約定データが正規分布に従う前処理方法を探し出したい。

そこでタイムバーの幅を変えてみたり、ドルバーを導入したりして正規性の検定を行なった。

結論からすれば、なかなか直球では困難であった。
ポジティブに捉えれば約定データが完全なランダムではなく、どこかにαが隠れていると考えることもできる。また、失敗したケースも、バーの作成方法、検証方法などノウハウとして有用であろうことから公開する。

なお、最後にドルバーを作成し、かつ、例外値の2%を削除した98%で分布をつくると正規分布になる可能性が発見できた。ただし、その場合、例外の2%で激しく焼かれるということを意味している可能性もあり現段階では実用性があるかどうかは未知数である。

Google Colabで動かせるようにしてあるので是非いろいろ検証してコメントを寄せて欲しい。

ドルバーについては、UKIさんのnoteが参考になる。

検証したBybit 約定データ処理方法

1)イベントバー:生データ分布  T1, T2,,,,,Tn
2)タイムバー:収益の分布(前Tickとの差分)  (T2-T1), (T3-T2),,,, (Tn-T(n-1))
3)タイムバー:収益率(前Tickとの比率)(T2/T1), (T3/T2),,,, (Tn/T(n-1))

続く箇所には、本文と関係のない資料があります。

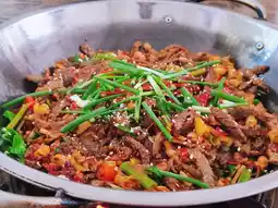 🍜 Lunch at “Kedu Town”: dry pot beef + salted pickled vegetables
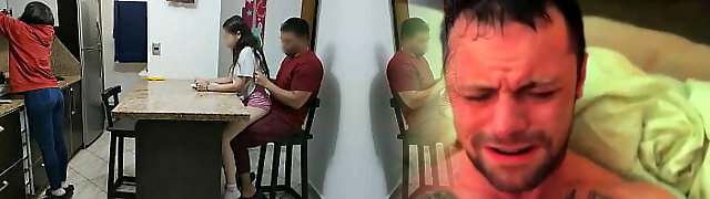 Mi Sobrina Traviesa le Gusta Comer Sentada en las Piernas del Tio Pervertido al Frente de su Mujer
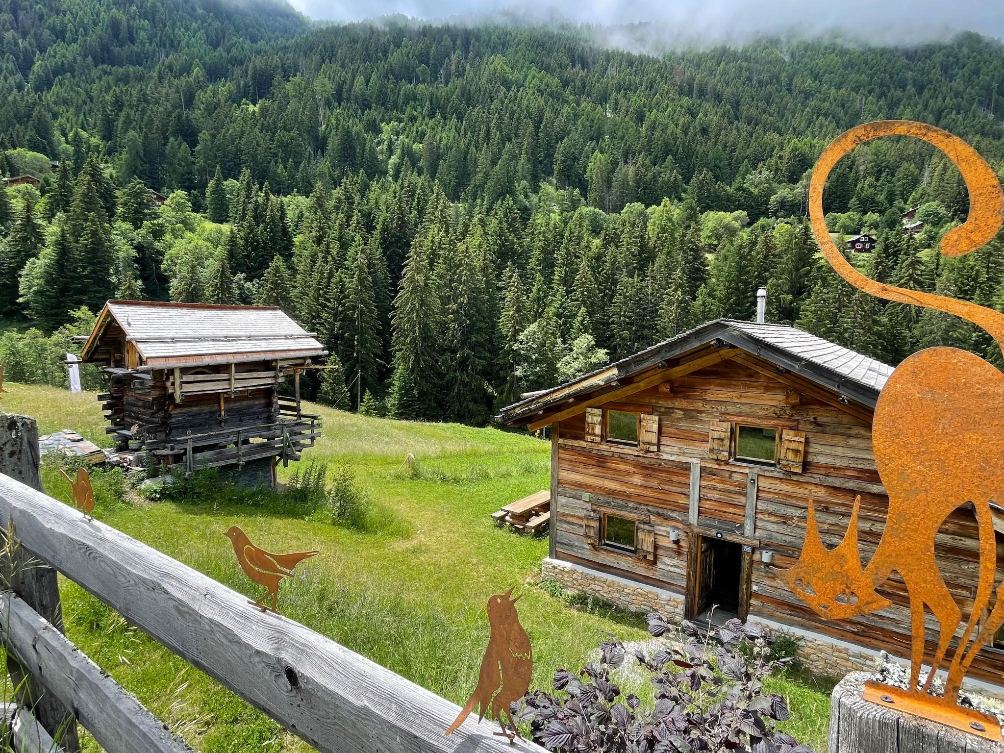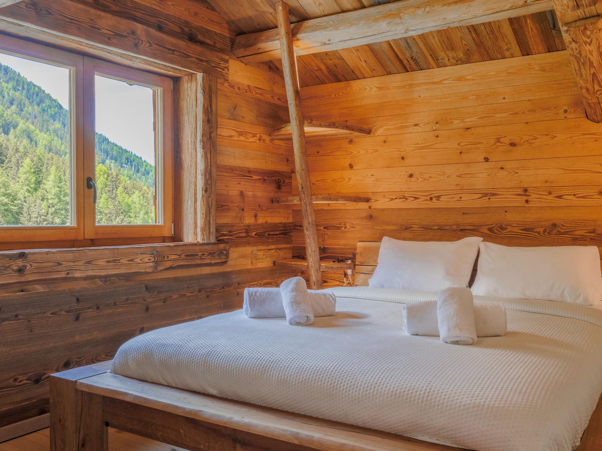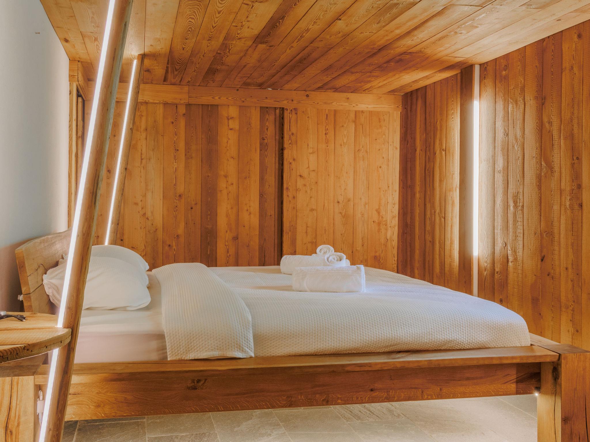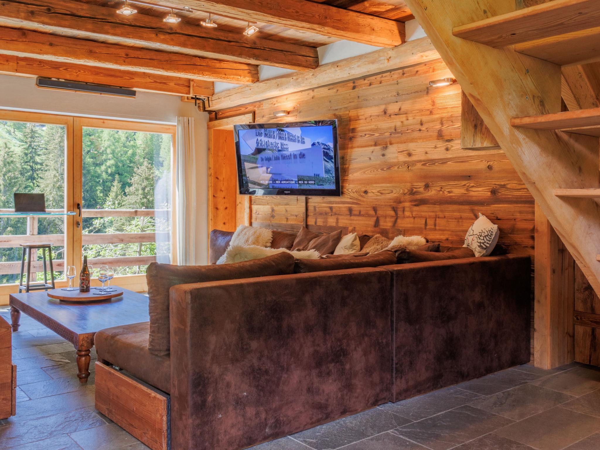" Chalet Gaea", 5-room chalet 140 m2 on 3 levels, north-east facing position. Object suitable for 6 adults + 3 children. Partly with sloping ceilings, very comfortable and beautiful furnishings: entrance hall. Living/dining room with Scandinavian wood stove and Home cinema. Exit to the terrace. Open kitchen (oven, dishwasher, 4 induction hot plates, toaster, kettle, microwave, freezer, electric coffee machine, Capsules for coffee machine (Nespresso) extra, raclette grill, fondue Set (cheese)). Bath/shower/WC. On the lower ground floor: 1 room with 1 french bed (180 cm, length 200 cm), bath/shower/WC. Upper floor: 1 room with 1 bed (90 cm, length 200 cm), 1 french bed (160 cm, length 200 cm). (ladder) open small gallery with sloping ceilings, ceiling height 120 - 145 cm with 1 bed (90 cm, length 200 cm). 1 room, without wardrobe with 1 double sofabed (140 cm, length 200 cm). Top floor: (ladder) open gallery with sloping ceilings, ceiling height 48 - 135 cm with 1 bed (90 cm, length 200 cm). Large terrace. Terrace furniture, barbecue, deck chairs. Very beautiful view of the mountains. Facilities: washing machine, dryer, hair dryer. Internet (WiFi, free). Parking (3 cars). Please note: not suitable for children under 8 years. Non-smokers only. 2 braziers, one of which is covered. Instead of an enclosed bedroom, some sleeping areas are located in an open-plan area (gallery, alcove, etc.).
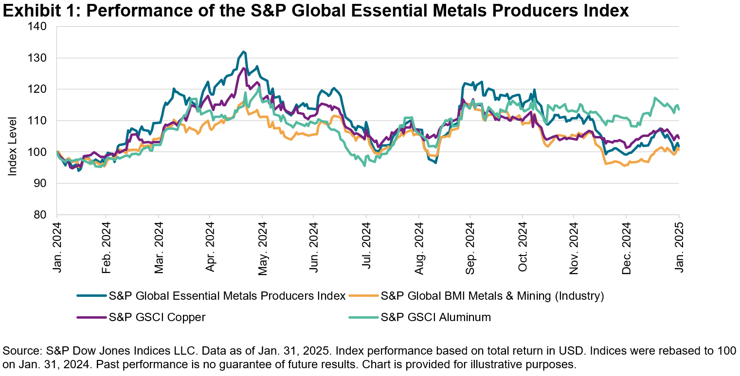 Since its launch in August 2023, the S&P Global Essential Metals Producers Index has underperformed the S&P Global BMI Metals & Mining (Industry) by 15.4%. However, more recently, the index’s performance showed signs of recovery, outperforming the S&P Global BMI Metals & Mining (Industry) in 2024. This positive shift aligned with the increasing performance of the S&P GSCI Copper and the S&P GSCI Aluminum, underscoring the surges in prices for these essential metals. Exhibit 1 summarizes this recent upward trend over the one-year period ending Jan. 31, 2025.
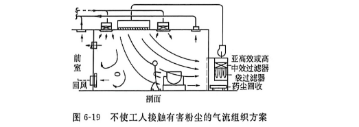 圖6-19是使操作工人盡量不接觸有害粉塵的氣流組織處理方法。
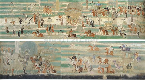 第一五六窟の北腰壁から東壁腰壁にかけては、宋国河内郡夫人に封ぜられた張議潮夫人の出行図が張議潮のそれと相対して描かれ、こちらは現世の富貴を象徴するかのように賛を凝らした夫人や娘の輦、六角亭式の擔輿、馬車の行列が続く。行列の後方近ぐに張議潮と同様、白馬に乗った宋国夫人がひときわ大きく捕かれ、″宋国河内郡夫人宋氏出行図″の傍題が記されている。
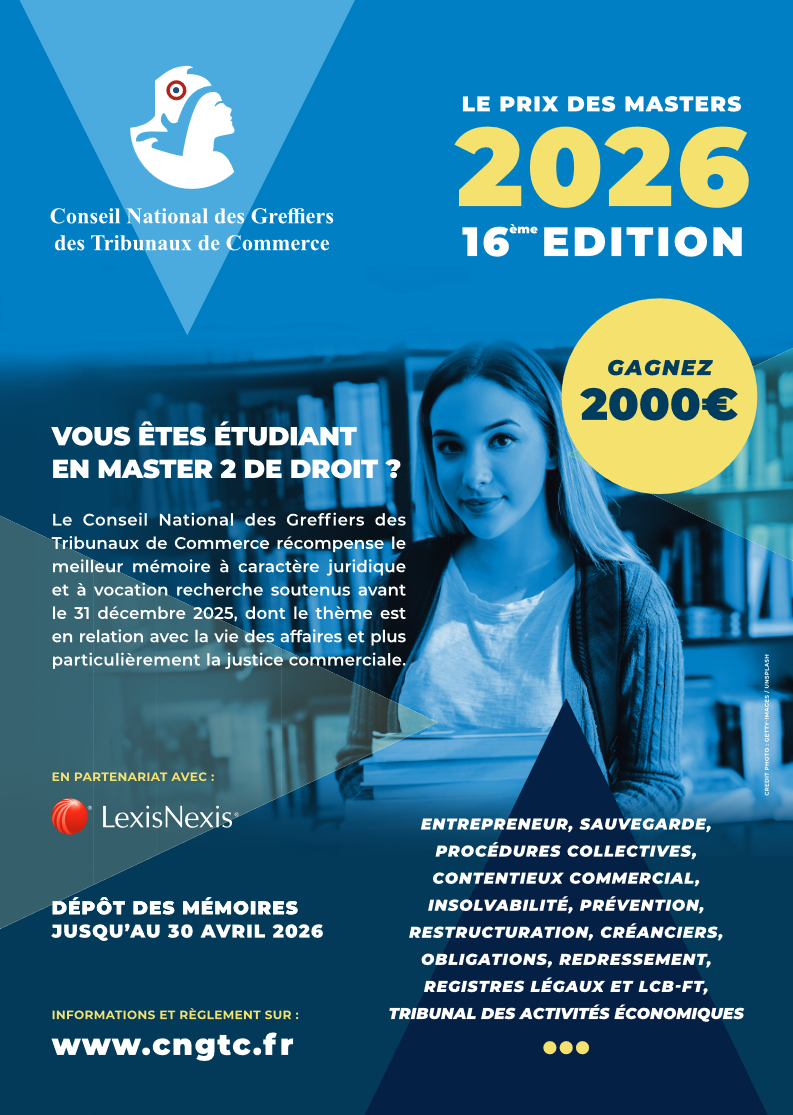 Les étudiants souhaitant participer à cette 16e édition du concours doivent adresser au Conseil national des greffiers des tribunaux de commerce leur mémoire par voie postale ou électronique, accompagné du formulaire de candidature complété, au plus tard le 30 avril 2026.

Tickは生データは約定毎にレコードが生成されるので、ある意味イベントバーに該当するが基本±0.5ドルの値動きしかしないため役に立たない。その後タイムバー(分足、時間足)で確認した。

最後に「ファイナンス機械学習」の2章で提案されている正規性が高まる方法である、ドルバーについても確認する。


正規性の検証方法

「pythonによるファイナンス」(13.1章)の方法にしたがって検証する。

1) ヒストグラムのプロット distplot 

2)QQプロット probplot

3) 統計的検定の実施 normaltest 

検証方法の検証

まず検証がうまくいったケースを確認するため正規分布に従う乱数を発生させ、上記検証方法で正規分布として判定する。

具体的には、以下を検証する。
1) 分布がいわゆるベルカーブになっていること
2)QQプロットが直線になっていること
3)検定結果がすべて p > 0.05 であること

当然ながら正規分布に従う乱数を生成しているので上記条件はクリアする(はず)。

正規分布に従う1000個の乱数の正規性を確かめるコード

乱数の生成

# 正規分布にしたがう数値1000個の生成
import numpy as np
import scipy.stats as stats
random_norm = np.random.randn(1000)

以下は数列をグラフ化し正規性の統計検定を行うコード。以後データ生成後は繰り返し同じパターンで使う。

# ヒストグラムの表示
import seaborn as sns
from matplotlib import pyplot as plt
print('見た目がベルカーブにしたがっていることを確認する。')
sns.histplot(random_norm, bins=100, kde=True)
plt.show()
# QQプロットの表示
print('赤い線との乖離が小さい方が正規分布にしたがっていることを示す')
stats.probplot(random_norm, plot=plt)
plt.show()
# 統計的検定の実施
print('以下の統計数値のpvalueがすべて0.05を下回っていないことを確認する')
print(stats.skewtest(random_norm))
print(stats.kurtosistest(random_norm))
print(stats.normaltest(random_norm))

出力

綺麗なベルカーブになっている。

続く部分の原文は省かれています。